[Your objective] Lines before the one containing "Ребенок фиксируется пятиточечными" are not copied; that line and every one after it, through the end of the material below, are printed exactly, without pictures.

[Dataset section]

┌──

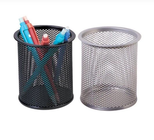 Bicchiere portapenne cilindrico in rete metallica. Formato 8,5x10 cm. Disponibile in due colori: bianco o nero.
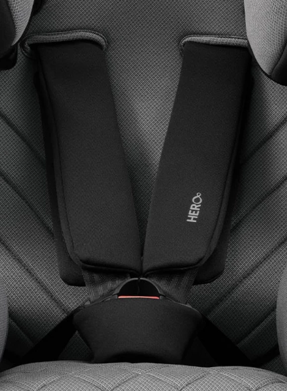 Ребенок фиксируется пятиточечными ремнями безопасности, которые оснащены системой RECARO Young Sport Hero. Накладки на плечи, ремни и подголовник работают как единая система, которая предотвращает перекручивание ремней, обеспечивает максимальный комфорт для ребенка, а для родителя упрощает процедуру фиксации ребенка в кресле. Чувствительные участки кожи на шее и лице ребенка хорошо защищены накладками, благодаря которым ремни не соскальзывают и не врезаются. Эти мягкие накладки минимизируют риск получения травмы в случае лобового столкновения.
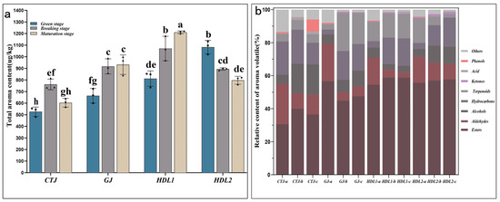 Volatile aroma composition in different samples. (a) Total volatile aroma content (μg/kg) in pepper fruit of different samples. Error bars show ±SE from three biological replicates. Significant differences are shown with different letters above the bars (p < 0.05); (b) the main volatile aroma component categories and their relative content (%) in different pepper fruit samples.

└──

[Solution below]
 Ребенок фиксируется пятиточечными ремнями безопасности, которые оснащены системой RECARO Young Sport Hero. Накладки на плечи, ремни и подголовник работают как единая система, которая предотвращает перекручивание ремней, обеспечивает максимальный комфорт для ребенка, а для родителя упрощает процедуру фиксации ребенка в кресле. Чувствительные участки кожи на шее и лице ребенка хорошо защищены накладками, благодаря которым ремни не соскальзывают и не врезаются. Эти мягкие накладки минимизируют риск получения травмы в случае лобового столкновения.
 Volatile aroma composition in different samples. (a) Total volatile aroma content (μg/kg) in pepper fruit of different samples. Error bars show ±SE from three biological replicates. Significant differences are shown with different letters above the bars (p < 0.05); (b) the main volatile aroma component categories and their relative content (%) in different pepper fruit samples.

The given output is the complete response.